Motion made, and Question proposed, "That the Bill be committed for Wednesday the 18th day of May next."—(Mr. Osborne Morgan.)

MR. BRUCE

said, he now rose to move that the Bill be referred to a Select Committee. ["No, no!"] He would assure his hon. Friends that he was satisfied the course he was now recommending was one that could not fail to promote the object they had in view, and would certainly not diminish the chances of the Bill being accepted in the other House. Every speech that had been made after he had offered that suggestion convinced him more and more that the question would be better treated in a Select Committee than it could be in that House. Accordingly, he hoped his hon. and learned Friend would not put the House to the trouble of dividing, but would withdraw his opposition, as he felt bound by the recommendation which he had given, and was satisfied that there was both wisdom and prudence in persevering in that course.

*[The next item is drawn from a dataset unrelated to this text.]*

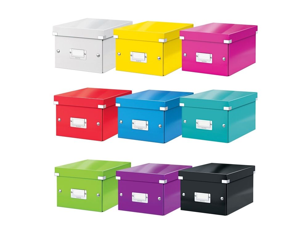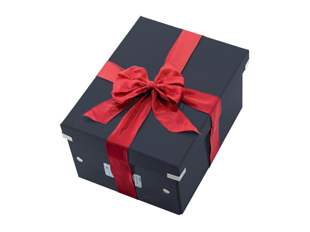 Universal small storage and transportation box for A5 documents with a laminated surface and metal corner elements for robust protection. Label holder simplifies indexing. Collapsible for space-saving storage when not in use. This contemporary design looks great in any office.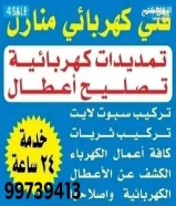 فني كهرباء منازل وصيانه اعطال تمديد وتركيب كل أعمال الكهرباء. تركيب معلقات وسبوت جميع مناطق الكويت99739413

Amendment proposed, to leave out the words "for Wednesday the 18th day of May next," in order to add the words "to a Select Committee,"—(Mr. Secretary Bruce,)—instead thereof.

MR. MIALL

said, that he should be extremely sorry that the House should go to a division upon an unreasonable point; but he thought that if the Select Committee were to be appointed simply to arrange the machinery for carrying out the principle, that matter might as well be discussed in Committee of the Whole House. If, however, the Select Committee were to consider the large question touched upon by the Home Secretary, the little boat which was now launched would be probably swamped by so great a matter being introduced into it. Unless it was understood that no new question should be imported, he should vote against the Motion for a Select Committee.

MR. WALPOLE

said, that he should not have voted against the second reading if the Select Committee had been agreed to, because he was very anxious that the question should be effectually settled. He agreed that they could hardly hope to dispose of the larger question that had been referred to, and that that Select Committee should be confined to the subject of the Bill.

MR. PEASE

said, that as the House, by so large a majority, had supported the principle of the Bill, he hoped the right hon. Gentleman in selecting the Members of his Committee would take care that the supporters of the Bill were represented in a corresponding proportion upon the Committee.

MR. OSBORNE MORGAN

regretted exceedingly that, for the reasons he had already stated, he could not accede to the Amendment proposed by the right hon. Gentleman.

Question put, "That the words proposed to be left out stand part of the Question."

The House divided:—Ayes 135; Noes 226: Majority 91.

Words added.

Main Question, as amended, put, and agreed to.

Bill committedto a Select Committee. And, on March 25, Committee nominatedas follows:—Mr. Secretary BRUCE, Mr. OSBORNE MORGAN, Mr. MOWBRAY, Mr. MIALL, Mr. JOHN TALBOT, Mr. RICHARD, Mr. BERESFORD HOPE, Mr. STONE, Mr. COLLINS, Mr. CROSS, Mr. HARD-CASTLE, Earl PERCY, Sir JOHN SIMEON, Mr. CUBITT, and Mr. MORLET:—Five to be the quorum.

House adjourned at a quarter before Six o'clock.